The required output is the exact sequence of lines from the line holding "Le Chef de l'Etat" to the end of the records, inclusive.

┄┄┄┄┄┄┄┄┄┄

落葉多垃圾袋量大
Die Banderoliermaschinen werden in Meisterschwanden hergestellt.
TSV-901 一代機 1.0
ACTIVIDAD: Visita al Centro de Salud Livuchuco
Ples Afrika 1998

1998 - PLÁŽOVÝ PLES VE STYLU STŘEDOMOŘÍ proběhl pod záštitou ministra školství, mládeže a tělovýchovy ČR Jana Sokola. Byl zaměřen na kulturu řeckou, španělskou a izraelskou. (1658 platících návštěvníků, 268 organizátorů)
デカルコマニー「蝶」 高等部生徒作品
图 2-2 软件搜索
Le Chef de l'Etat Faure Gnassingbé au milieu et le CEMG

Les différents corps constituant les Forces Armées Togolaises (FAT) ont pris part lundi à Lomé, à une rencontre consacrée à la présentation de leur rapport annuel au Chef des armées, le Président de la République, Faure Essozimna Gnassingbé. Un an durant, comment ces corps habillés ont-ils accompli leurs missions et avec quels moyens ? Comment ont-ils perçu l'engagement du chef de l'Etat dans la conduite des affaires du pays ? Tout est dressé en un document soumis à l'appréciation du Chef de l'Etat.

┄┄┄┄┄┄┄┄┄┄

REPLY TO THE TASK =>
Le Chef de l'Etat Faure Gnassingbé au milieu et le CEMG

Les différents corps constituant les Forces Armées Togolaises (FAT) ont pris part lundi à Lomé, à une rencontre consacrée à la présentation de leur rapport annuel au Chef des armées, le Président de la République, Faure Essozimna Gnassingbé. Un an durant, comment ces corps habillés ont-ils accompli leurs missions et avec quels moyens ? Comment ont-ils perçu l'engagement du chef de l'Etat dans la conduite des affaires du pays ? Tout est dressé en un document soumis à l'appréciation du Chef de l'Etat.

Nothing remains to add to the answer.